Auf der Groß Liederner Straße kommt es zu Rückstaus bis in die Innenstadt

Verlängerte Grünphase: Mehr Zeit für Linksabbieger

+
Felix Oehmigen, Mitarbeiter von Siemens, taktet die Linksabbieger-Phase der Ampel Groß Liederner Straße neu.

js Uelzen. Mal lief der Verkehr gestern Morgen zügig über den Ostring, dann wieder bildeten sich Staus. Wie angekündigt, reagierte die Niedersächsische Landesbehörde für Straßenbau und Verkehr in Lüneburg auf die Situation (AZ berichtete).

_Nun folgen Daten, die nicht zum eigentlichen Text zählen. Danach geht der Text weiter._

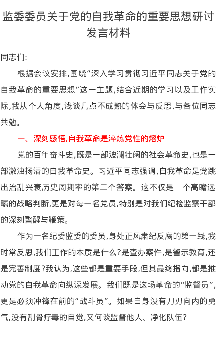 监委委员关于党的自我革命的重要思想研讨发言材料

Gestern Mittag schloss Siemens-Mitarbeiter Felix Oehmigen seinen Dienst-Laptop an den grauen Schaltkasten an der Kreuzung Groß Liederner Straße an und taktete die Grünphase für Linksabbieger von 15 auf 45 Sekunden hoch.

Dem Umleitungsverkehr im Zuge der B-4-Sanierung in der Innenstadt mehr Fluss zu bescheren, geht zu Lasten jener, die den Ostring queren. Mit der Verlängerung der Linksabbieger-Phase Tile-Hagemann-/Groß Liederner Straße auf 45 Sekunden wird seit gestern Nachmittag versucht, den Rückstau auf dem Ostring zu entzerren. Dafür büßt die Grünphase Groß Liederner Straße stadtauswärts Zeit ein. Folge: Es bildeten sich Rückstaus, die zeitweise bis zum Hammerstein-Kreisel reichten. „Ein Ampelumlauf auf der Kreuzung darf nich länger als 90 Sekunden dauern“, sagt Gesa Schütte von der Landesbehörde für Straßenbau und Verkehr in Lüneburg. Folge: Wird der einen Phase Zeit zugeschlagen, muss einer anderen Zeit weggenommen werden. Überraschung nicht nur bei den Mitarbeitern des DRK an der Ripdorfer Straße. Die ist jetzt Einbahnstraße von der Birkenallee bis zum Hammerstein-Kreisel. Bis Mitte August werde dies (wie die Umleitungen) auch so bleiben, sagt Gesa Schütte.